CFPB Eyes Open Banking’s Data Rules and ‘New Regulatory Approach’

CFPB

The Consumer Financial Protection Bureau (CFPB) is facing legal challenges to its very structure and its reach — and where it gets it funding.

But for now, at least, the rulemaking (or something like it) continues, shaping consumer finance, competition, open banking and data sharing.

CFPB Director Rohit Chopra delivered remarks Tuesday (Oct. 25) at the Money 2020 conference in Las Vegas, signaling the path forward for the agency’s regulation of open banking in the United States.

Chopra laid out the steps involved. The CFPB will “launch the process to activate a dormant authority under Section 1033 of the Consumer Financial Protection Act” (the legislation that in 2010 established the CFPB). The move has been widely expected, Back in April, and during testimony on Capitol Hill, Chopra said he would push for new regulation under that act’s authority.

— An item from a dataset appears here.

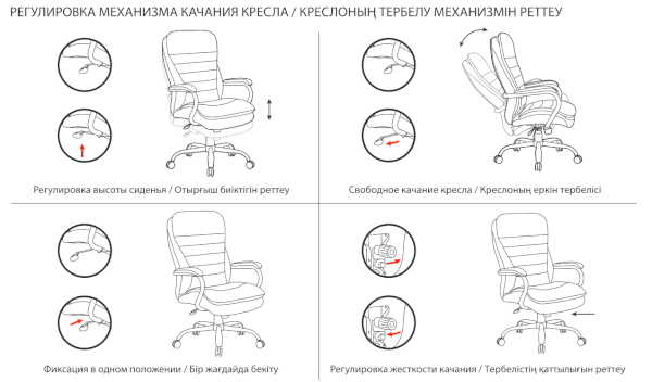 Тип механизма кресла: "топ-ган" качание с регулировкой под вес и фиксацией в 1 положении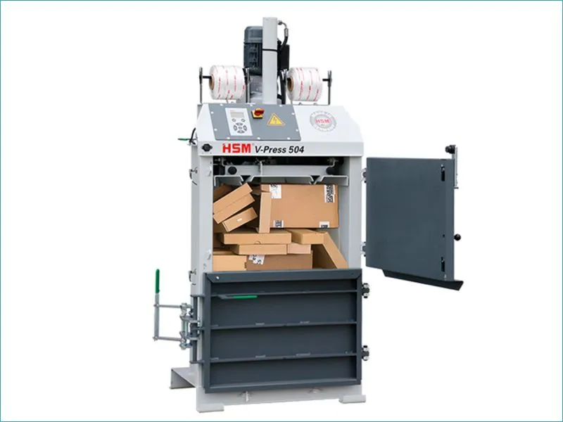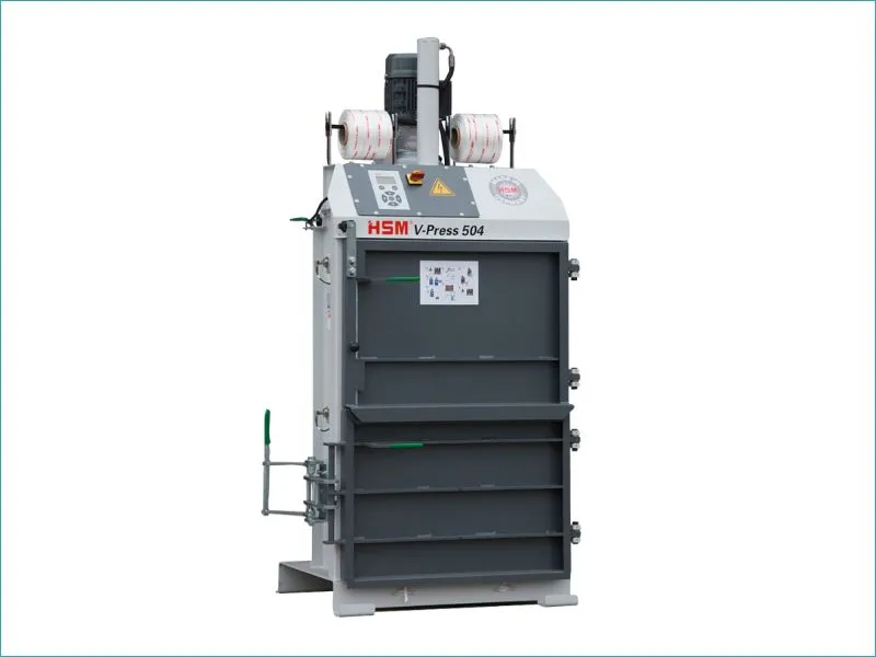 Optez pour la solution la plus économique de traitement de vos déchets ! Le modèle HSM V-Press 504 peut faire des balles pesant jusqu'à 60 kg. Compactage économique de vos balles papier, cartons, et plastiques. Peut faire des balles pesant jusqu'à 60 kg. Les presses verticales conviennent parfaitement, de par leurs dimensions, leur coût et leurs caractéristiques, à l’industrie et au commerce. Ces presses à balles vous permettent de réduire le volume des matériaux d’emballage directement sur place jusqu’à 95 % de leur volume initial. Chargement idéal des poids lourds. Utilisation de récupération de chaleur dans la production. Les emballages peuvent devenir un problème. Si l’on considère le matériel d’emballage usagé comme faisant partie d’une chaîne de recyclage, celui-ci devient une matière première de récupération. Comment traiter efficacement et compacter cette matière première ? HSM vous offre des solutions pour atteindre cet objectif grâce à une technologie à la fois approuvée et n

Section 1033 requires consumer financial services providers to grant consumers access to certain financial information. Chopra cautioned that 1033 is “not explicitly an open banking or open finance rule,[but] will move us closer to it.” And it is through subsequent rulemaking governing data sharing that personal data rights would, in Chopra’s estimation, “have teeth.”

Those are the mechanics of the process. The CFPB would gain some more authority, rulemaking would follow, data sharing would be standardized, and a “decentralized and neutral consumer financial market structure,” as described by Chopra, would promote healthier competition for consumers’ bank accounts and business.

But before getting there, before issuing a proposed rule, the CFPB must convene a panel of small businesses to provide input on the agency’s proposals. As early as this week, the CFPB will be releasing a “discussion guide” for these smaller firms.

Data Portability = Greater Competition

Amid the push toward open banking rules, said Chopra, the CFPB is taking a “new approach” to market regulation. That includes moving away from incumbent methods, such as screen scraping, which are not secure or sustainable while establishing new mandates for data sharing.

With a new, more pro-competitive market view, he said that mandating that data holding companies must share permissioned data with authorized third parties will lead to more “shopping” by consumers “because they have the leverage to walk away and because they will have access to more tailored products and services.” Switching becomes easier and data portability ensures that, as Chopra put it, “consumers won’t have to start from scratch.”

There’s a precedent to data portability here, as Chopra noted, and it is found in telecom. Consumers have long been able to move their numbers between carriers with minimal switching costs.

Chopra’s speech also outlined a few examples of improved financial services under open banking, once those data sharing practices are fully in place. Consumers who want to link their accounts with an app that helps with daily budgeting to find a route to affordable credit would be able to do so without having to provide login credentials to third parties.

PYMNTS noted earlier this year that there’s some readiness on the part of consumers to switch their primary financial institutions (FIs), depending on the services and products on offer, as well as the perceived level of data security. Thirty-five percent of these “potential switchers” cited offerings of loyalty and reward programs, 32% mentioned account fraud protection and 32% selected data security.